El corazón del monte era el Claustro de Ishera, una construcción imponente hecha de ónice y amatista. Las paredes internas estaban cubiertas de frescos vivientes, imágenes que cambiaban con las fases lunares y relataban la historia eterna de los elfos. En el centro del claustro, una sala de mármol blanco que transitaba al negro en ocasiones sostenía el Espejo de los Vientos, una superficie de agua inmóvil donde las Ishariati buscaban la guía de Ishera en los momentos más cruciales.

Entre las sacerdotisas elegidas, destacaba una, cuyo nombre resonaba con la promesa de los vientos del cambio: Eloria. Era joven aún, pero su porte irradiaba una calma que contradecía su edad. Tenía sus 333 años de edad, una edad significativa para las sacerdotisas de Ishera. Sus ojos, eran de un color verde esmeralda, bañadas por la luz del sol, y estos contenían un conocimiento que ni siquiera las más ancianas Ishariati podían comprender del todo. Su cabello era rizado y dorado, una marca de los tocados por Ishera, y caía en cascadas sobre sus hombros, reflejando la luz como si estuviera tejido de hilos de luna.

Eloria había sido escogida desde niña por las Isharni, las sabias videntes de la orden. Había sido llevada al monte Dundaval a sus 33 años, cuando apenas tenía cierto conocimiento de las cosas importantes de la vida y desde entonces había caminado los senderos del destino con la devoción de quienes saben que su vida no les pertenece, sino que está destinada a algo mucho más grande. Las Isharni la llamaban, "La Elegida", un título que llevaba con humildad, aunque en lo más profundo de su ser sentía el peso de las incontables generaciones que la habían precedido.
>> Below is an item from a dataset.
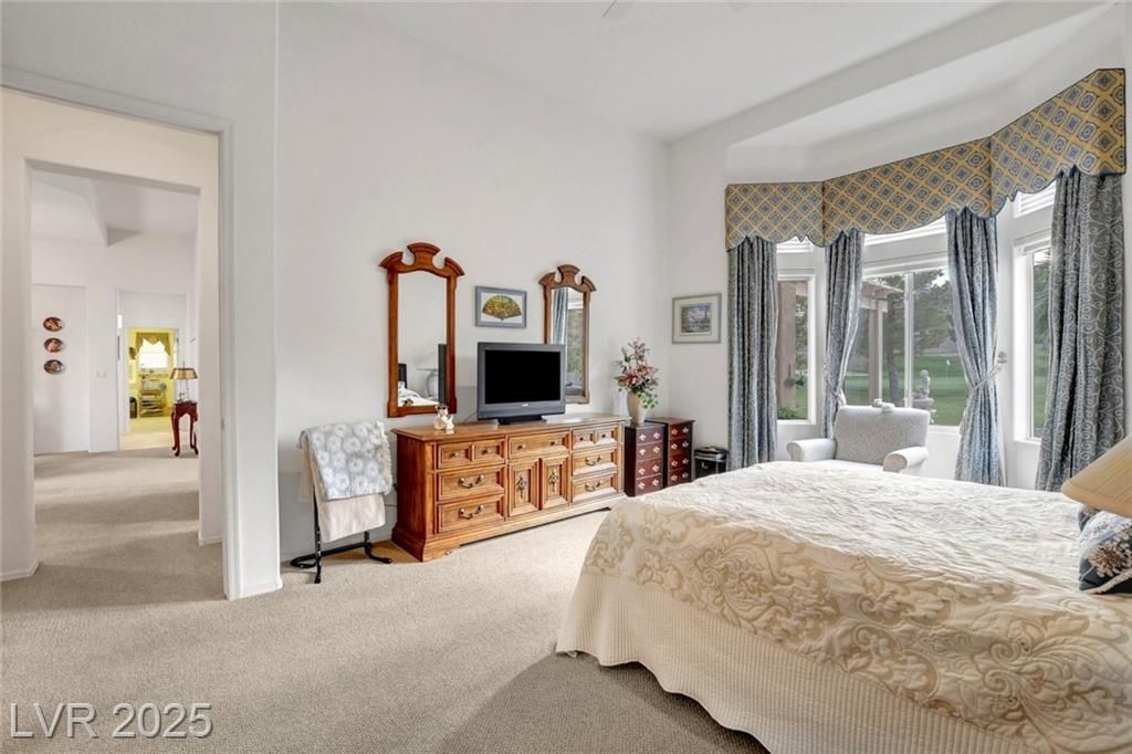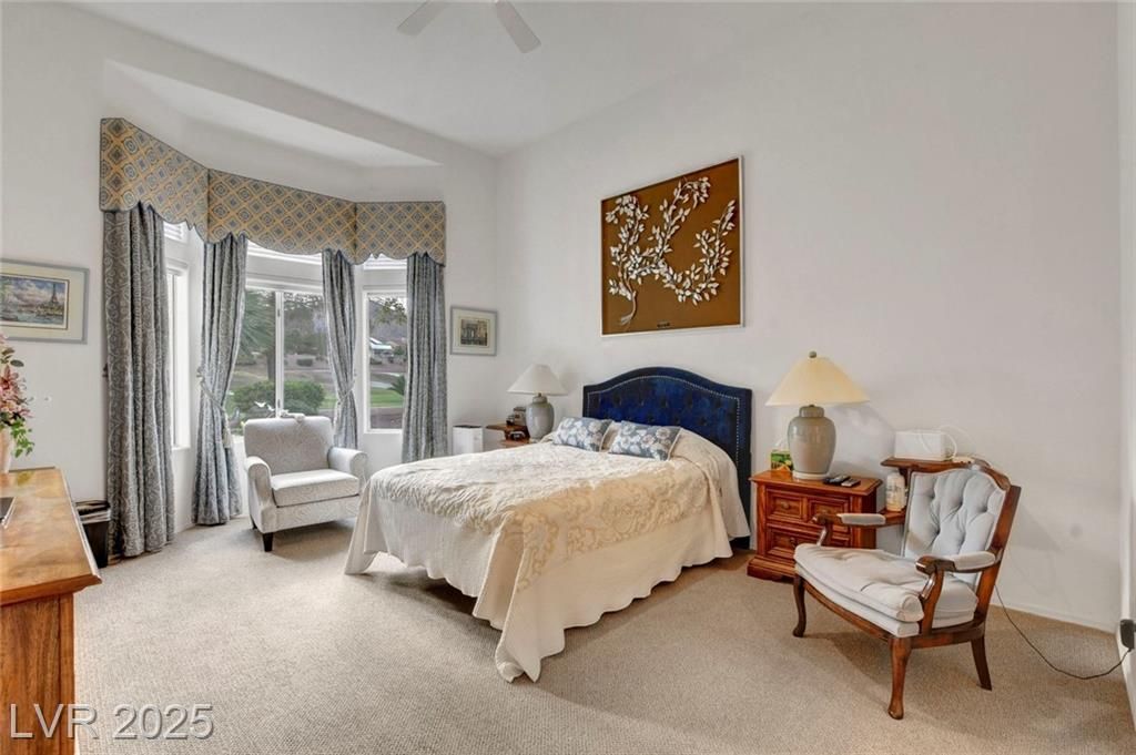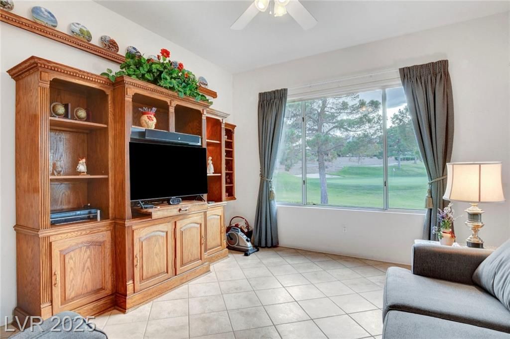 Beautiful 3-bed, 2-bath single-story home with an oversized 2-car garage in Sun City Summerlin. Light pours into most of the rooms here! At 2176 SF, it offers a formal dining room, large living room, family room, and a hobby room off the kitchen. Quality carpet and ceramic tile throughout enhance its charm. Overlooking the 9th green of Highland Falls Golf Course, the home features a spacious covered patio with stunning views. Located in an age-qualified community close to all services. Sun City Summerlin includes golf courses, club houses, restaurants, exercise and meeting rooms, plus a very active social calendar. Lovingly maintained by the original owner, who is open to assisting with buyer costs for the right offer.

Esa mañana, mientras los primeros rayos del sol bañaban las cúpulas del claustro, Eloria estaba de pie en el Mirador de las Estrellas, un balcón natural que ofrecía una vista incomparable de la capital y de los montes que la rodeaban. Allí, en el silencio de la madrugada, podía sentir el pulso del Reyno, como si la tierra misma le susurrara sus secretos. Pero en el aire flotaba algo más, algo que las sacerdotisas más sabias habían percibido en sus visiones: un cambio inminente, un destino que pronto se desataría, y en el centro de todo, estaba ella.

Eloria inhaló profundamente, dejando que el aire fresco del alba llenara sus pulmones. Aquel día la habían mandando a llamar a ella y a otras que compartían su don, y entre todas, ella había sido elegida. Aún no conocía el propósito de su elección ni la magnitud de la misión que le esperaba, pero una cosa era cierta: el camino que la aguardaba la llevaría más allá de los montes y la capital de Arduin.

Justo hacía unos días, la Madre Superiora, Antherys, había dado su voto final. Las elegidas del sol y la luna eran trece, pero solo una sería escogida: Eloria. Había sido elegida por su capacidad de versatilidad en la interpretación de los sueños quineticos y sobre todo, en poder ver de forma más evidentes los sueños con doble interpretación, esto es, a los sueños que pregonaban el futuro, pero mediante imágenes simbolicas, que según se decía era una forma de interpretar una nación o un sector en especifico, que pudiera caer en desgracia o bendición. Ahora, mientras se despedía de sus demás hermanas, quienes con lágrimas contenidas abandonaban el monte Dundaval, podía sentir el peso de responsabilidades que no había pedido, pero que no podía rechazar. Las Isharni, siempre envueltas en misteriosos susurros, hablaban de ella en términos que le helaban la sangre: “Ella será la contenedora”, “La vasija destinada a sostener el designio de Ishera”, decían algunas. Otras murmuraban que el destino que le habían otorgado requería más tiento y sacrificio del que cualquier otra Ishariati hubiera soportado jamás.